The lines to be extracted begin at the line containing "- Roasting rack: Ensures" and end at the last line of the data below; copy them exactly and leave out the pictures.

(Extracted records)
##############################
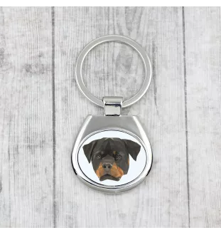 Rottweiler - geometrischer Schlüsselanhänger mit Foto und Aufschrift Art-Dog
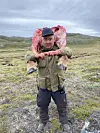 Efter to timers omhyggelig partering af oksen, spænder Ole og hans søn udskæringerne fast om deres kroppe og begynder turen hjem.
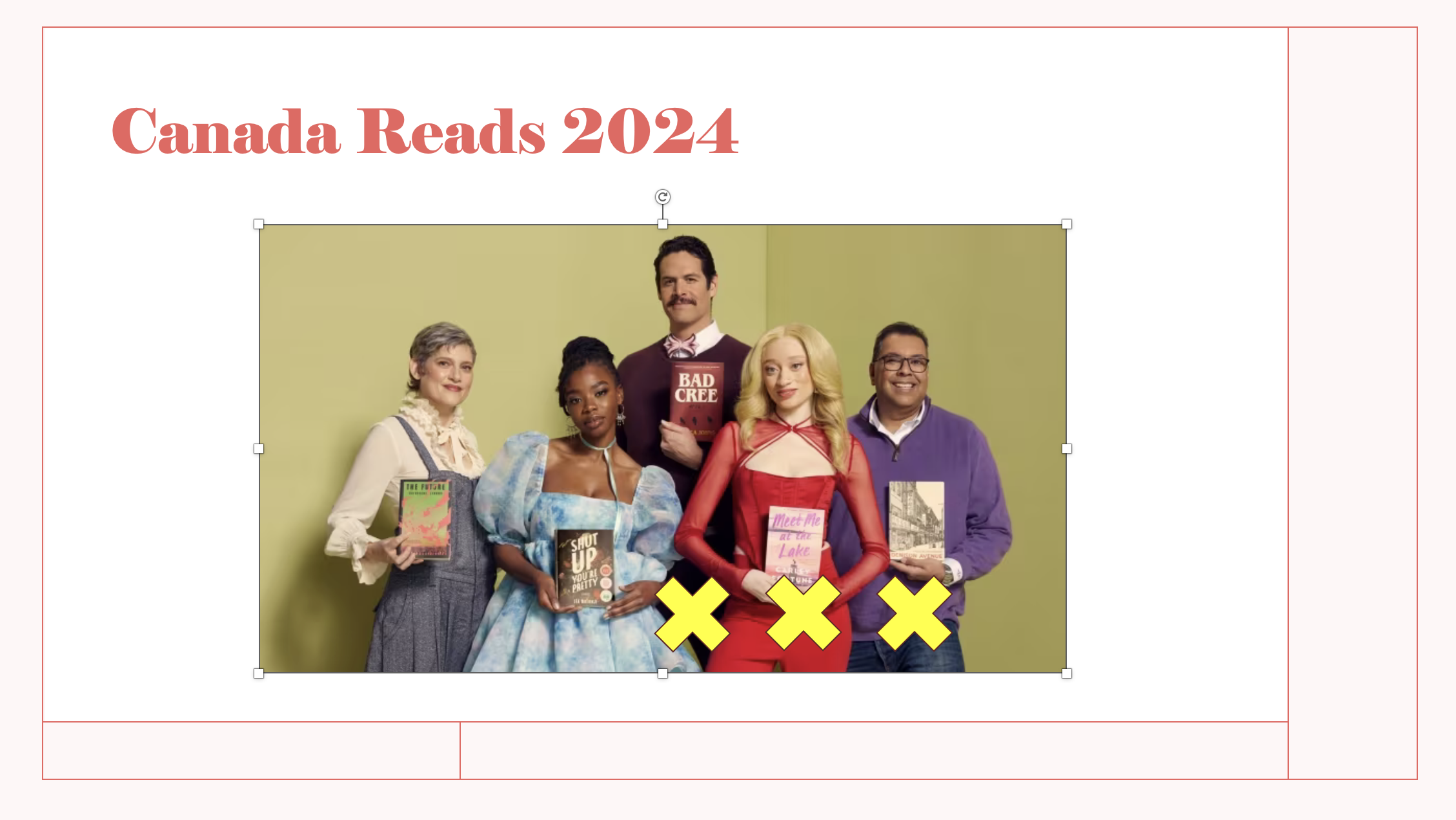 As the show wrapped up, Bad Cree was voted off. Although I was not a huge fan of this book, I am curious to understand why Shut Up Your has remained unscathed with no votes against it. For me, this was my 4th choice so I will be looking forward to more discussion about this book tomorrow.
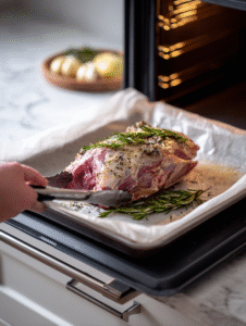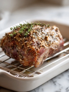 - Roasting rack: Ensures even heat circulation and keeps the meat elevated for better browning.
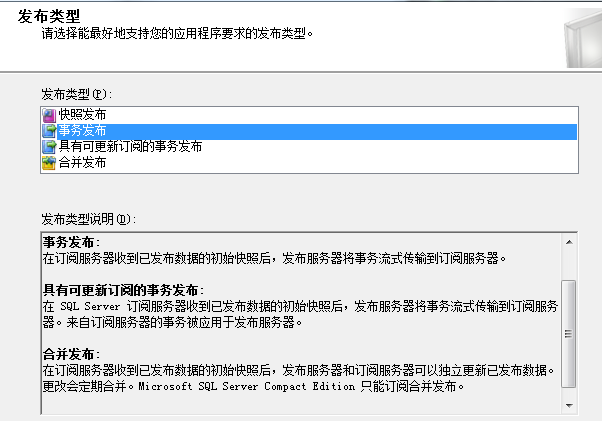數(shù)據(jù)庫(kù)發(fā)布類型有三種:快照發(fā)布,事務(wù)性發(fā)布,具有可更新訂閱和事務(wù)性發(fā)布,合并發(fā)布
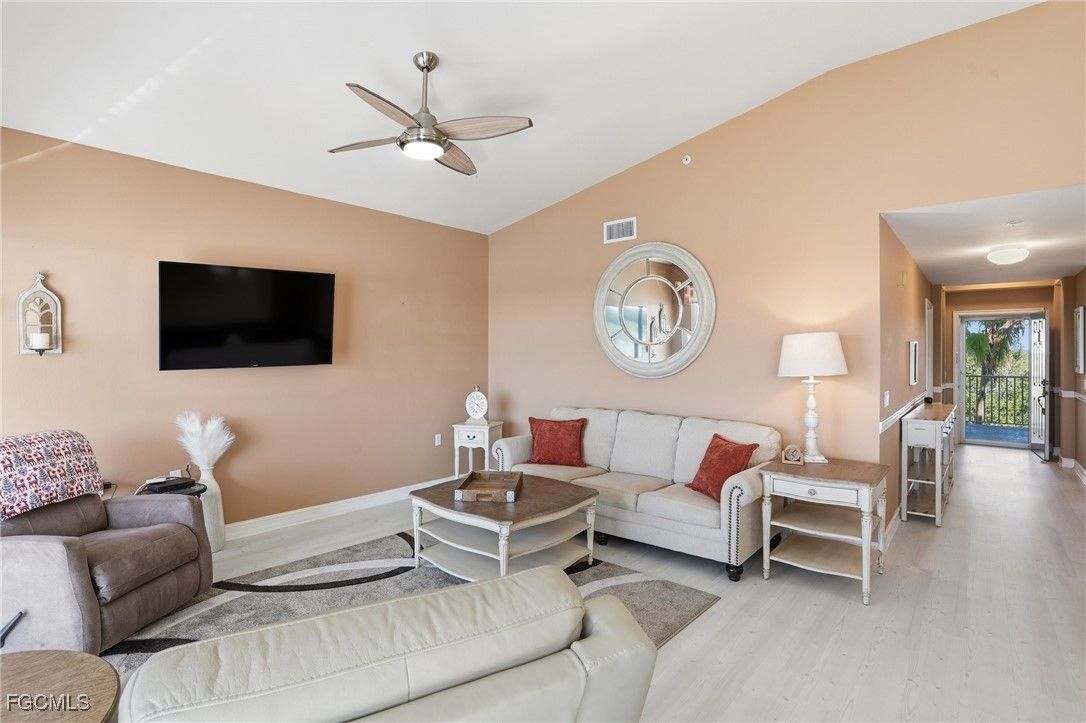 Enjoy easy Florida living in this top-floor, 2-bedroom, 2-bath condo located in the desirable Ravenna neighborhood of Pelican Preserve. Offering 1,283 square feet of open living space, this residence features volume ceilings, a light-filled great room, and sliding glass doors leading to a screened lanai with tranquil lake views. The primary suite includes an ensuite bath with a walk-in shower, while the guest bedroom and second full bath provide comfortable space for visitors. Additional highlights include elevator access, a detached carport, and concrete block construction. Pelican Preserve is a guard-gated, resort-style community known for its exceptional amenities, including pools, fitness and spa facilities, pickleball and tennis courts, walking and biking paths, golf (non-equity), on-site dining, and social activities. Conveniently located near shopping, dining, and all that Fort Myers has to offer, this home is ideal for full-time living or a seasonal retreat.
##############################
WRITTEN SOLUTION:
 - Roasting rack: Ensures even heat circulation and keeps the meat elevated for better browning.
數(shù)據(jù)庫(kù)發(fā)布類型有三種:快照發(fā)布,事務(wù)性發(fā)布,具有可更新訂閱和事務(wù)性發(fā)布,合并發(fā)布
 Enjoy easy Florida living in this top-floor, 2-bedroom, 2-bath condo located in the desirable Ravenna neighborhood of Pelican Preserve. Offering 1,283 square feet of open living space, this residence features volume ceilings, a light-filled great room, and sliding glass doors leading to a screened lanai with tranquil lake views. The primary suite includes an ensuite bath with a walk-in shower, while the guest bedroom and second full bath provide comfortable space for visitors. Additional highlights include elevator access, a detached carport, and concrete block construction. Pelican Preserve is a guard-gated, resort-style community known for its exceptional amenities, including pools, fitness and spa facilities, pickleball and tennis courts, walking and biking paths, golf (non-equity), on-site dining, and social activities. Conveniently located near shopping, dining, and all that Fort Myers has to offer, this home is ideal for full-time living or a seasonal retreat.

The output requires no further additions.